Last year I took ten pills in ten days to make $40.
That isn’t much for participating in a medical trial, but hey, you have to start somewhere.
And you can make a lot more than that.
How much more?
In one study NASA paid volunteers $15,000 just to stay in bed for a few months.
And there are other studies that offer you the potential to make thousands of dollars as a human guinea pig.
For example last year you could have been paid $3,000 to get the flu.
Of course you had to be able to take time off from your regular job so you could have the live H1N1 flu virus squirted up your nose and then lay around in the “special isolation ward at the government’s NIH hospital for nine days.
But that’s $333 per day!
Yes, volunteering for medical experiments can be uncomfortable, or even dangerous.
For example, a healthy 24-year-old woman died during an asthma study at Johns Hopkins University.
But at least it’s safer (probably) to volunteer for research studies here in the states than in India, where in recent years 2,500 people died while participating in clinical trials.
Fortunately not all research studies involve dangerous activities, and you volunteer for these, so you can choose the ones that are less risky.
The pills I took were just aspirin, which I’ve never had a problem with.
The manufacturer apparently wanted to see if the new coating caused any problems for users (no side effects here).
And not all of the opportunities are invasive medical or drug trials.
For example, there are…
Psychological research is often done in research universities.
For example New York University usually has dozens scheduled at any given time.
Recent studies included:
- Economic Choice Behavior – $15 for an hour of your time.
- Emotion and Learning – Required an fMRI scan and paid $30 per hour
- Worried About Your Drinking?
– Required an hour in the lab, a daily diary, and paid $30
Similar opportunities that pay between $10 and $30 per hour can be found in the psychology departments of many universities, including these:
For some studies participation is limited to students, while for others the general public is invited to volunteer and get paid.
For an idea of what kind of psychological research you might be involved in you can read about Andreea Manole’s experience doing paid studies in England, and we also have a report on being a research subject in the Netherlands.
If you count your time spent signing up, commuting, and waiting, these kinds of psychology experiments and other low-risk studies might net you less than $10 per hour.
But sometimes they pay almost as well as the more invasive medical trials.
For example, volunteer Halina Zakowicz was paid $1,500 to gamble for about fifteen hours while undergoing fMRI scans of her brain (and she had an additional $50 in winnings in the end).
That sounds a lot safer than taking a radioactive drug for $500, which she says she did in another study.

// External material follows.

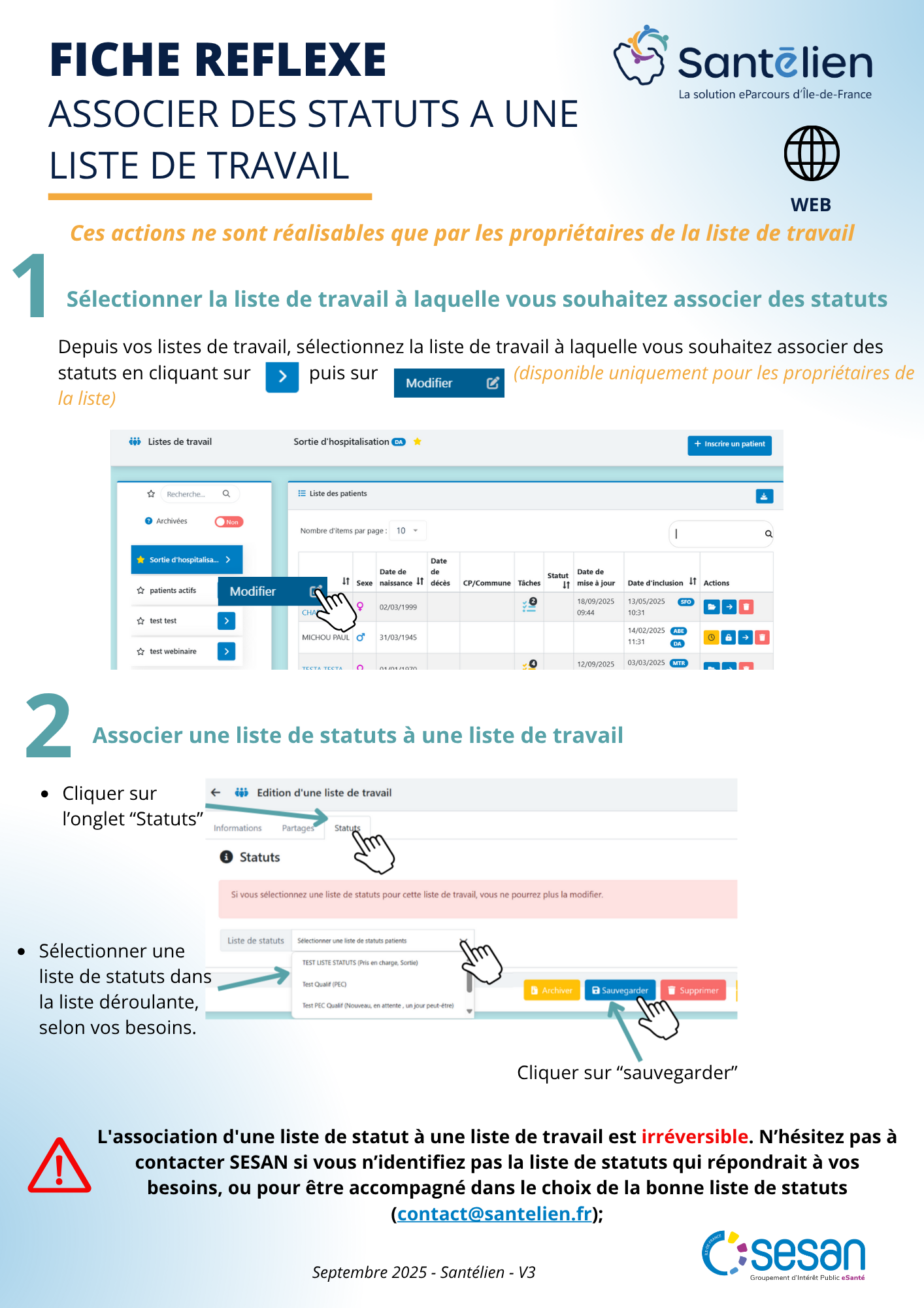 Fiche réflexe Web: Gestion des statuts de listes de travail

According to most sources MRI and fMRI scans have no side effects.
That’s good news if you want to be a human guinea pig without much risk, because these brain scans are often used in studies that pay well.
For example, J.D. Roth was paid $120 cash for participating in a “neuroeconomics” study, which involved nothing more than lying in an MRI scanner while answering questions about money for an hour.

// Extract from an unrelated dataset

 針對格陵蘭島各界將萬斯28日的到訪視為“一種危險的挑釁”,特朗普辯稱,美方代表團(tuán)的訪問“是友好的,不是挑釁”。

Even medical trials can be relatively safe.
You might be paid to eat a certain diet for a few weeks, for example, which is unlikely to do much harm.
Or you might be paid to participate in a trial based on your current conditions or behaviors, with little additional risk.

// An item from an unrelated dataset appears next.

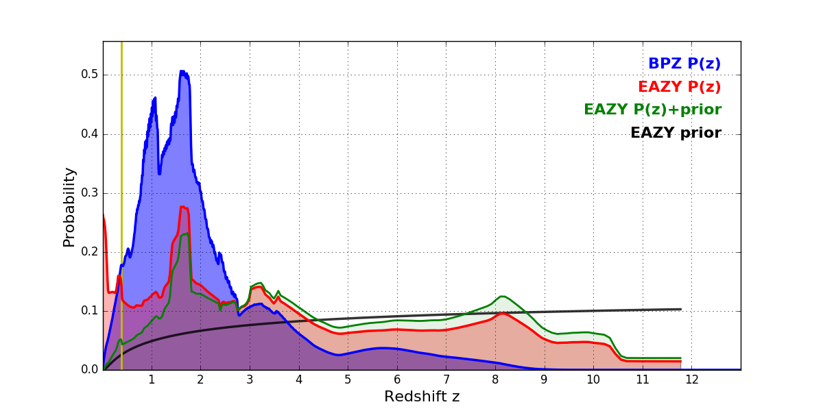 In P(z) plots: Yellow lines mark the cluster redshift z = 0.390,

Elliott Sharp made almost $2,000 doing tobacco-related studies, but it wasn’t an added risk for him, since he already smoked.
He just watched anti-smoking public service announcements while smoking, and then answered questions so researchers could determine how effective the ads were.
How to Sign Up as a Test Subject
In addition to the institutions mentioned above, there are schools, hospitals, companies and government facilities all over the country (and world) that pay volunteers to participate in research.
You can search for these online in various ways, including on Craigslist (search “research volunteers” under “gigs”).
To find studies related to specific conditions, search using the names of any ailments you have.
If you are generally healthy you can sign up for the Clinical Research Volunteer Program (CRVP), run by the National Institute of Health (NIH).
Among the benefits listed for participating in HIH research is this: “Receive compensation for taking part in a study.” Thousands of healthy volunteers participate in HIH studies every year at locations around the country and world.
One of the best places to search for opportunities, whether you have medical problems or are basically healthy, is at ClinicalTrials.gov, which is run by the NIH.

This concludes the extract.